Congrats again on your Alice!
Sounds like she is settling in okay!


----------



## lovesophie (Jan 28, 2008)

It looks like she's fitting right in!

She's a cutie pie, for sure! :wub::wub::wub:


----------



## Silkmalteselover (Apr 1, 2010)

:thumbsup:Shelby Wonderful that your family who didn't really want her as much of you did are "in love" now also.. It just happens when a Maltese comes to it's forever home! ENJOY every minute of her puppyhood. Jeanne


----------



## Terry36 (Jan 21, 2009)

I'm happy that everything's working out well for both of you!  

I agree w/Jeanne, it's amazing how quickly they take over your heart and become a major part of your life.


----------



## Johita (Jul 10, 2009)

Congrats - she's really cute and we can see how much you've fallen in love with her.


----------



## edelweiss (Apr 23, 2010)

:smootch: Precious! Kitzi got a look at Alice and is thinking he want's to meet up w/her---"she is just my size!" It is, indeed, amazing how they own us after a few hours----so happy your family loves her too. Remember H. Clinton said "it takes a village to raise a child." Enjoy!


----------



## Alice Ana (Mar 17, 2010)

haha thanks everyone  i can't stop taking pictures of her !


----------



## krish's mom (Feb 27, 2007)

Congrats!!! She's adorable:wub:


----------



## Lacie's Mom (Oct 11, 2006)

Shelby -- I'm so glad that she's with you and that everything is going so well.

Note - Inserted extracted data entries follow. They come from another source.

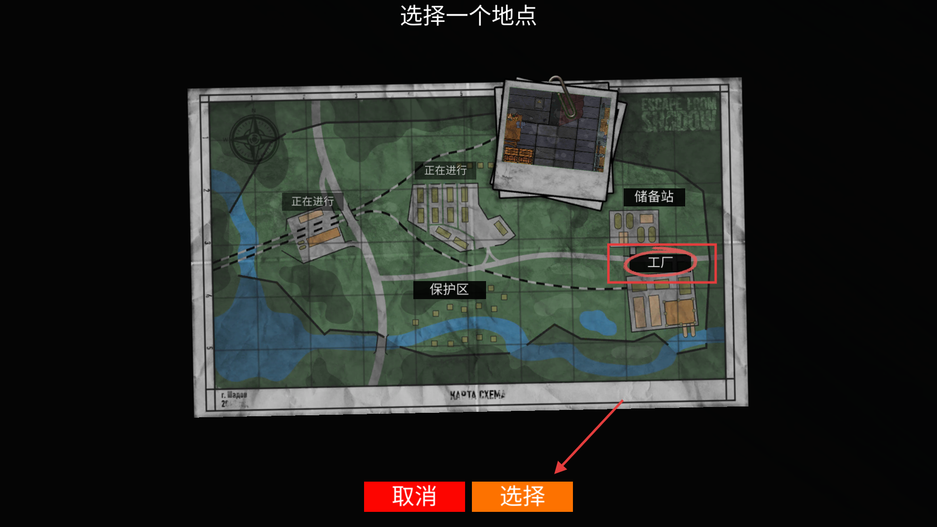 2、在地图选择界面点击标记的【工厂】区域,再点击选择按钮,进入该副本开启生存挑战。
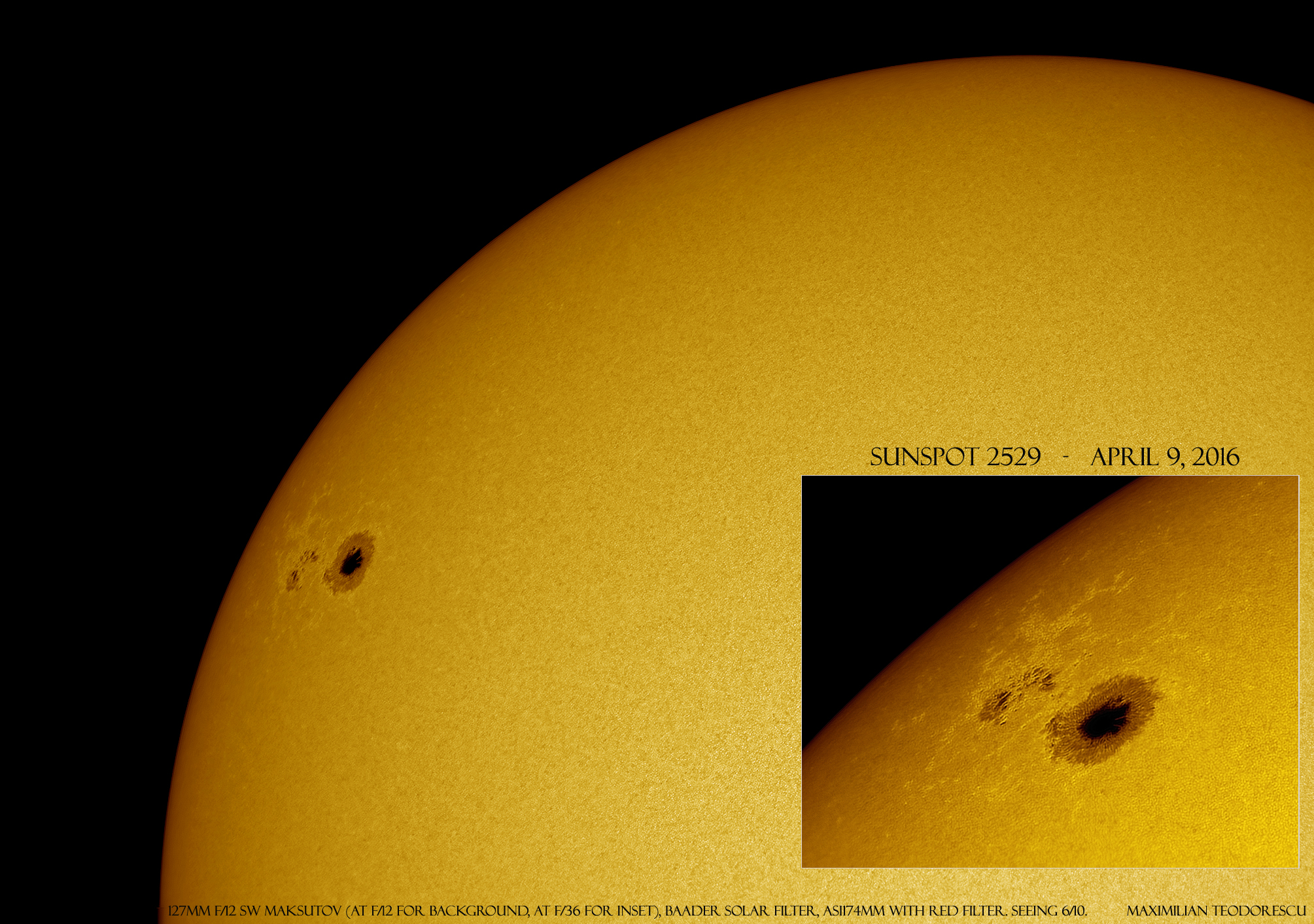 While on a short trip into the woods, I had some time to look and image this great sunspot through a small 127mm Maksutov telescope and the ASI 174mm camera. Not the best seeing, but the large sunspot is a nice sight even on poor conditions. All technical data on image.
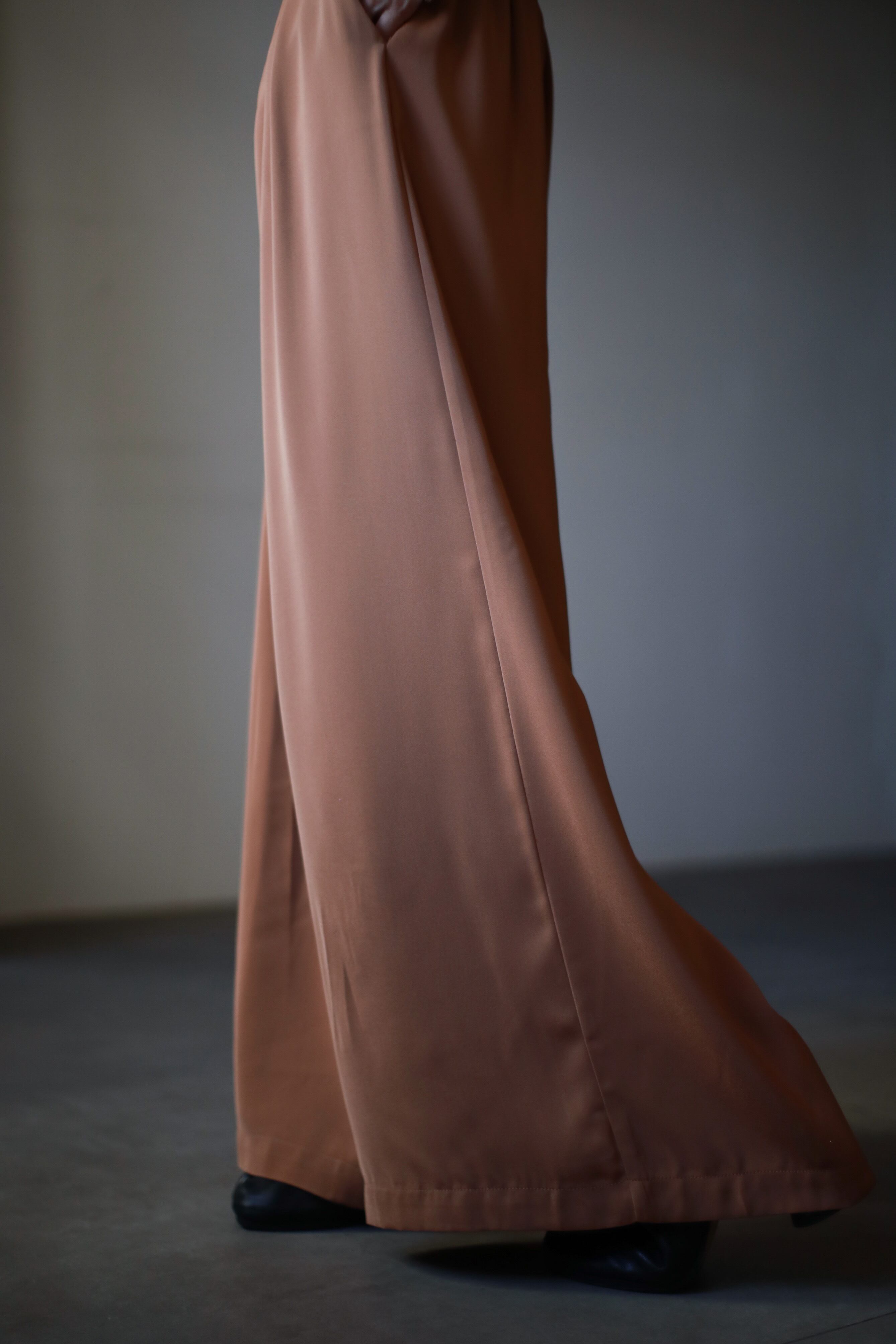 ドレープファブリックでスーパーワイドシルエットを綺麗目な印象に落とし込んでくれています。
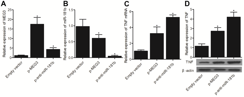 P-MEG3 and p-anti-miR-181b enhanced the expression of MEG3 and TNF-α but inhibited the expression of miR-181b
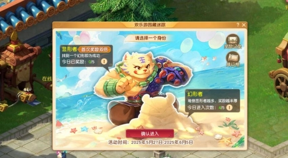 1、在长安城坐标(221,123)处找到【小小粽仙】,即可参与玩法。玩法中有两种身份可供选择,分别为幻形者和显形者。
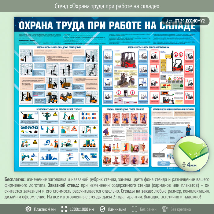 Стенд «Охрана труда при работе на складе» (OT-39-ECONOMY2) в Омске купить
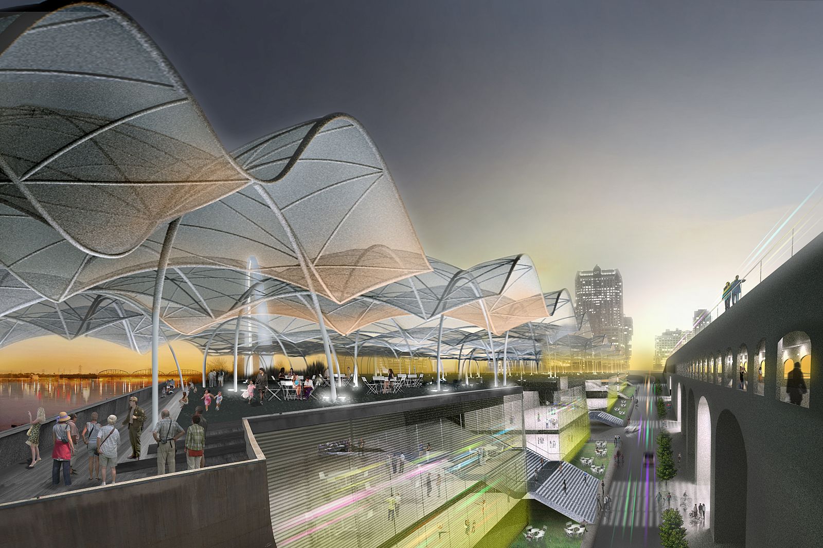 Full Circle reconnects the city to the park and the park to the river, embracing the Mississippi River as its center. Capitalizing on the dynamic movements and infrastructures of the site, the design creates a linked sequence of public settings that weave together to enhance the vibrancy and layered identities of the park. The monumental civic axis of St. Louis is extended over the highway to connect the city to the park. Strategic improvements to the memorial grounds preserves the Gateway Arch. The expanded museum acts as a catalyst to bridge history and community, culture and ecology, integrating the site into a larger cultural network of the St. Louis region.

She's adorable. Love all the pictures!!!


----------



## maltlovereileen (Jan 19, 2009)

Alice Ana said:


> haha thanks everyone  i can't stop taking pictures of her !

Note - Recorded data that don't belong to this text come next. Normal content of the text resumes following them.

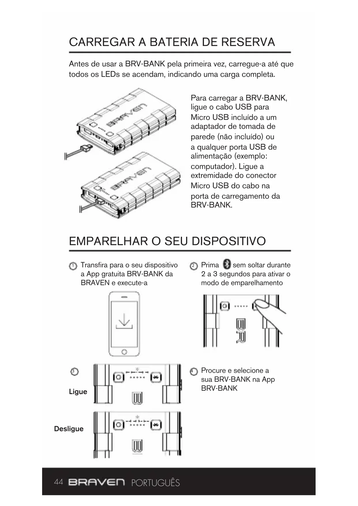 Antes de usar a BRV-BANK pela primeira vez, carregue-a até que todos os LEDs se acendam, indicando uma carga completa. Para carregar a BRV-BANK, ligue o cabo USB para Micro USB incluído a um adaptador de tomada de parede (não incluído) ou a qualquer porta USB de alimentação (exemplo: computador). Ligue a extremidade do conector Micro USB do cabo na porta de carregamento da BRV-BANK. Transra para o seu dispositivo a App gratuita BRV-BANK da BRAVEN e execute-a Prima sem soltar durante 2 a 3 segundos para ativar o modo de emparelhamento Procure e selecione a sua BRV-BANK na App BRV-BANK
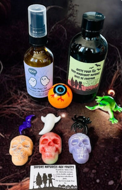 Le soir de l'Halloween après la cueillette de bonbons, transformer l'heure du bain en un moment enchanté avec notre Ensemble pour le bain Bave de Crapaud conçu spécialement pour les enfants !
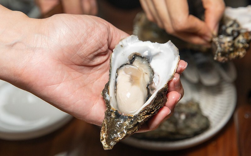 餐前剛好有當日限定的超大台南生蠔,帶殼大約有巴掌大小,剝開裡面的肉相當飽實,多汁又鮮甜,一點也不輸日本、國外的生蠔,在台灣除了澎湖大概就這最厲害了。

Well WHERE are they then??? LOL!!!


----------



## CrystalAndZoe (Jul 11, 2006)

Enjoy your sweet baby girl. They grow up fast!


----------



## Alice Ana (Mar 17, 2010)

maltlovereileen said:


> Well WHERE are they then??? LOL!!!



all on my phone!! :blush: they'll be on here before long :thumbsup:


----------



## Miss_Annie (Mar 3, 2010)

Alice Ana said:


> all on my phone!! :blush: they'll be on here before long :thumbsup:


You know how impatient we are when it comes to puppy pictures!! :wub: 

Hurry hurry!


----------



## susie and sadie (Jun 22, 2005)

Awww, you certainly have an adorable little baby! :wub:


----------